→ **EXERCISE DATA**:
◇ ◇ ◇ ◇ ◇

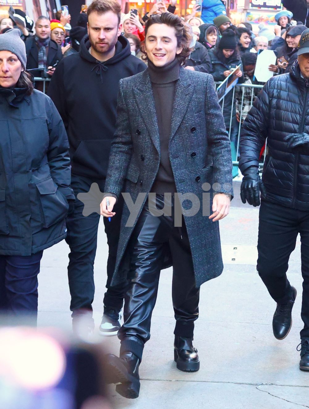 O Timothée Chalamet φεύγοντας από από την τηλεοπτική εκπομπή "Good Morning America" στην Times Square της Νέας Υόρκης.
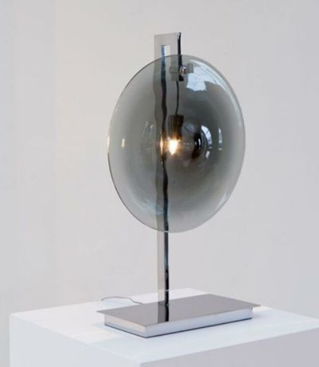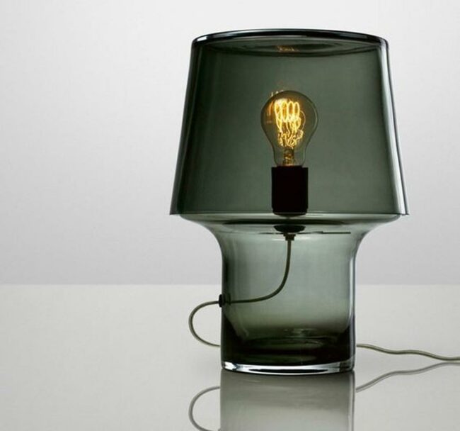 Smoky glass table lamp is a minimalist design marvel that captures attention with its unique silhouette.
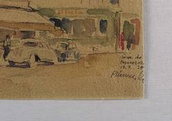 1937. Mischtechnik / Aquarell & Tusche, auf gelbem Aquarellkarton. – Originale Künstlergrafik, von Französisch (20. Jh.). – Unikat. – 28,3 x 20,2 cm (Darstellung / Blatt).

◇ ◇ ◇ ◇ ◇

→ **WHAT THE TASK REQUIRES**: Repeat the whole listing above word for word, but keep any picture out of it.

→ **ANSWER TO THE PROBLEM**:
 O Timothée Chalamet φεύγοντας από από την τηλεοπτική εκπομπή "Good Morning America" στην Times Square της Νέας Υόρκης.
 Smoky glass table lamp is a minimalist design marvel that captures attention with its unique silhouette.
 1937. Mischtechnik / Aquarell & Tusche, auf gelbem Aquarellkarton. – Originale Künstlergrafik, von Französisch (20. Jh.). – Unikat. – 28,3 x 20,2 cm (Darstellung / Blatt).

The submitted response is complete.